▸ Problem to work on: Below is a block of entries; repeat all of it exactly but omit the pictures.

▸ Records from a dataset:
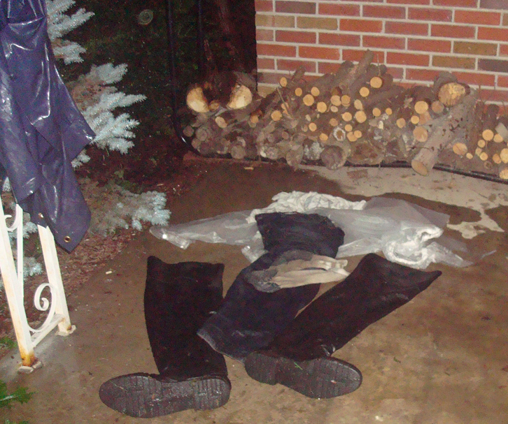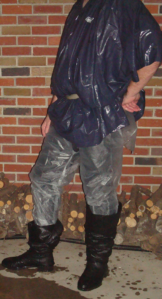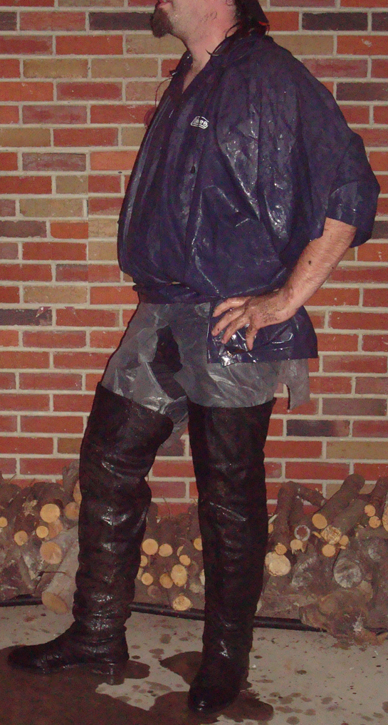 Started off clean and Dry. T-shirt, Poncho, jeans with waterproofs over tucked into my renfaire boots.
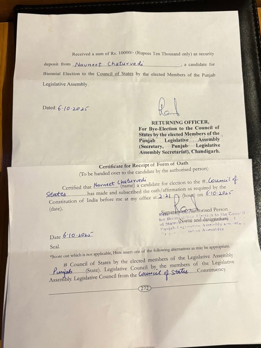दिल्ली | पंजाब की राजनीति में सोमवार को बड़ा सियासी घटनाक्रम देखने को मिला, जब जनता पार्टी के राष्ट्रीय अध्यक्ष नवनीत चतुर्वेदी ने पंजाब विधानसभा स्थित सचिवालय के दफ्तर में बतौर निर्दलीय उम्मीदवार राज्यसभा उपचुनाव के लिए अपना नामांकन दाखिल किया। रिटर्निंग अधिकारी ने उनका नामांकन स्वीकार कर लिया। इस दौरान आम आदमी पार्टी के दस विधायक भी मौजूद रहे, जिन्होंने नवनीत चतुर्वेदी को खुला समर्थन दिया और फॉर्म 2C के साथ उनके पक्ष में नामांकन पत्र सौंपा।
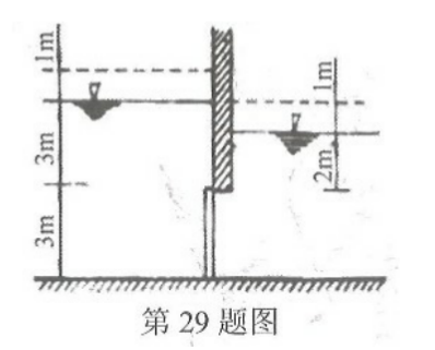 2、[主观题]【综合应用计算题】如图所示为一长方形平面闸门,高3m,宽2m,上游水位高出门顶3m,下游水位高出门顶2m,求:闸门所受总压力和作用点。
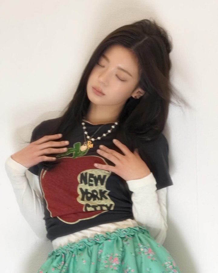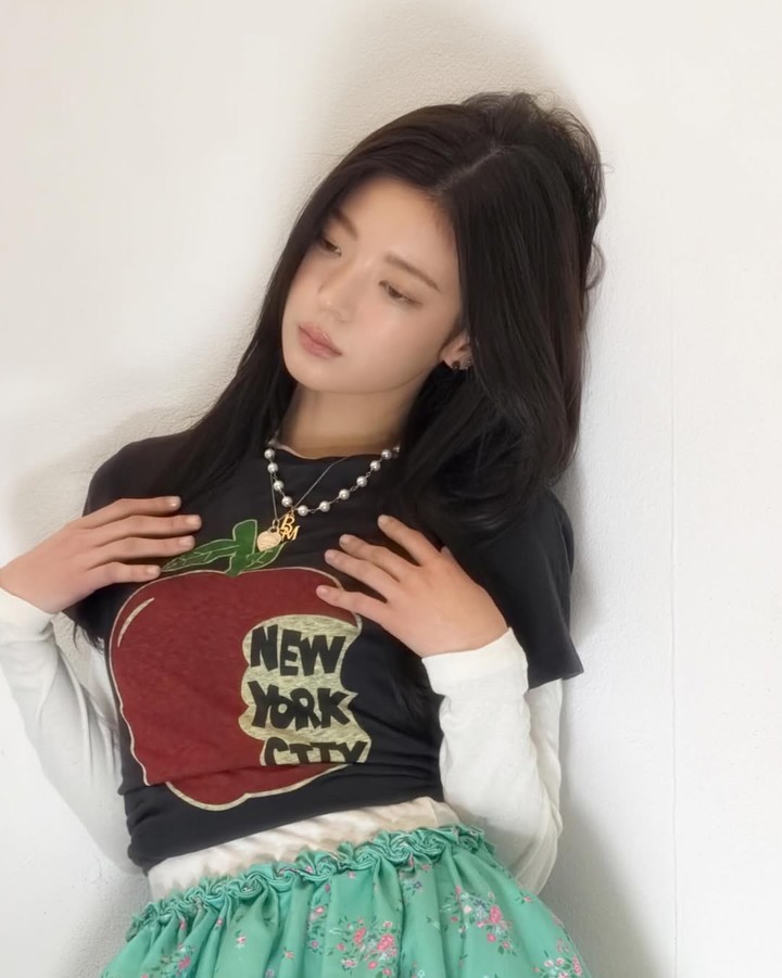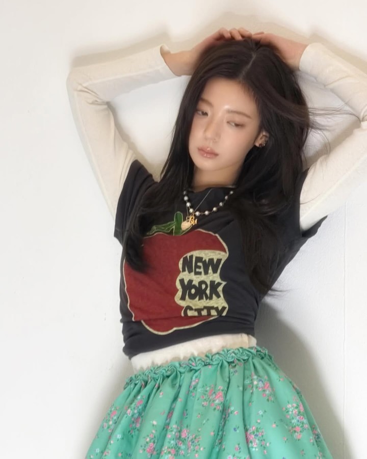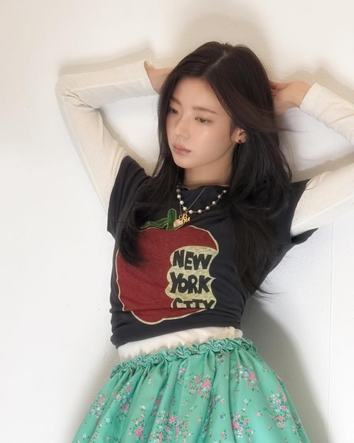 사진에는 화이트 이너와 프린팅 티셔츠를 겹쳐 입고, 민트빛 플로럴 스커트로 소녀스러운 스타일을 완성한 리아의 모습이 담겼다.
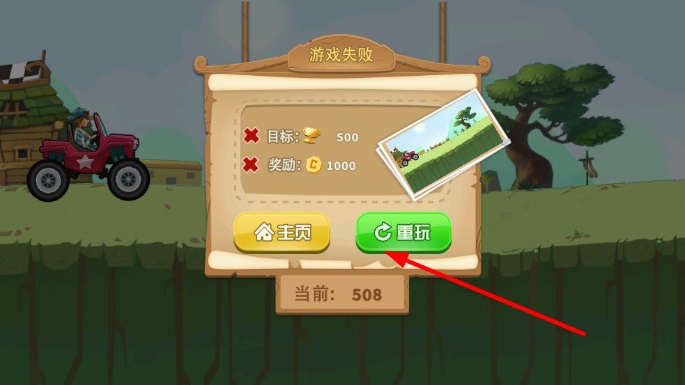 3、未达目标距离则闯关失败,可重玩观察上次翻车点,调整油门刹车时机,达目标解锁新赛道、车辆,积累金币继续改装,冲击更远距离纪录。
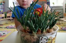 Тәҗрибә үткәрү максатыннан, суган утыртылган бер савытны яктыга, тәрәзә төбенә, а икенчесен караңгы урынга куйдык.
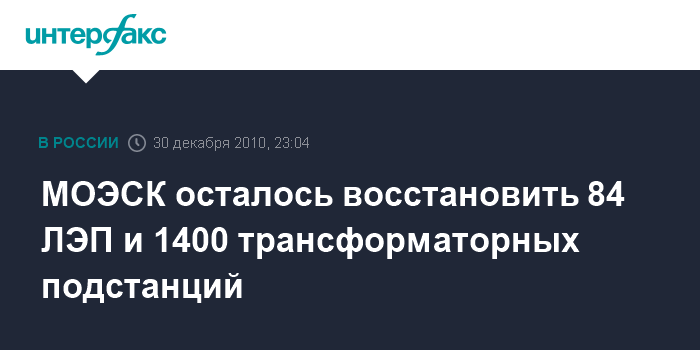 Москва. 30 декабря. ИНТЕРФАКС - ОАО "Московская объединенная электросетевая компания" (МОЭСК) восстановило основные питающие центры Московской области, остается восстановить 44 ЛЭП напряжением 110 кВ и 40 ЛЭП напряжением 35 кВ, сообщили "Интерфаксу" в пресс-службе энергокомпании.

▸ Result of this exercise:
 Started off clean and Dry. T-shirt, Poncho, jeans with waterproofs over tucked into my renfaire boots.
दिल्ली | पंजाब की राजनीति में सोमवार को बड़ा सियासी घटनाक्रम देखने को मिला, जब जनता पार्टी के राष्ट्रीय अध्यक्ष नवनीत चतुर्वेदी ने पंजाब विधानसभा स्थित सचिवालय के दफ्तर में बतौर निर्दलीय उम्मीदवार राज्यसभा उपचुनाव के लिए अपना नामांकन दाखिल किया। रिटर्निंग अधिकारी ने उनका नामांकन स्वीकार कर लिया। इस दौरान आम आदमी पार्टी के दस विधायक भी मौजूद रहे, जिन्होंने नवनीत चतुर्वेदी को खुला समर्थन दिया और फॉर्म 2C के साथ उनके पक्ष में नामांकन पत्र सौंपा।
 2、[主观题]【综合应用计算题】如图所示为一长方形平面闸门,高3m,宽2m,上游水位高出门顶3m,下游水位高出门顶2m,求:闸门所受总压力和作用点。
 사진에는 화이트 이너와 프린팅 티셔츠를 겹쳐 입고, 민트빛 플로럴 스커트로 소녀스러운 스타일을 완성한 리아의 모습이 담겼다.
 3、未达目标距离则闯关失败,可重玩观察上次翻车点,调整油门刹车时机,达目标解锁新赛道、车辆,积累金币继续改装,冲击更远距离纪录。
 Тәҗрибә үткәрү максатыннан, суган утыртылган бер савытны яктыга, тәрәзә төбенә, а икенчесен караңгы урынга куйдык.
 Москва. 30 декабря. ИНТЕРФАКС - ОАО "Московская объединенная электросетевая компания" (МОЭСК) восстановило основные питающие центры Московской области, остается восстановить 44 ЛЭП напряжением 110 кВ и 40 ЛЭП напряжением 35 кВ, сообщили "Интерфаксу" в пресс-службе энергокомпании.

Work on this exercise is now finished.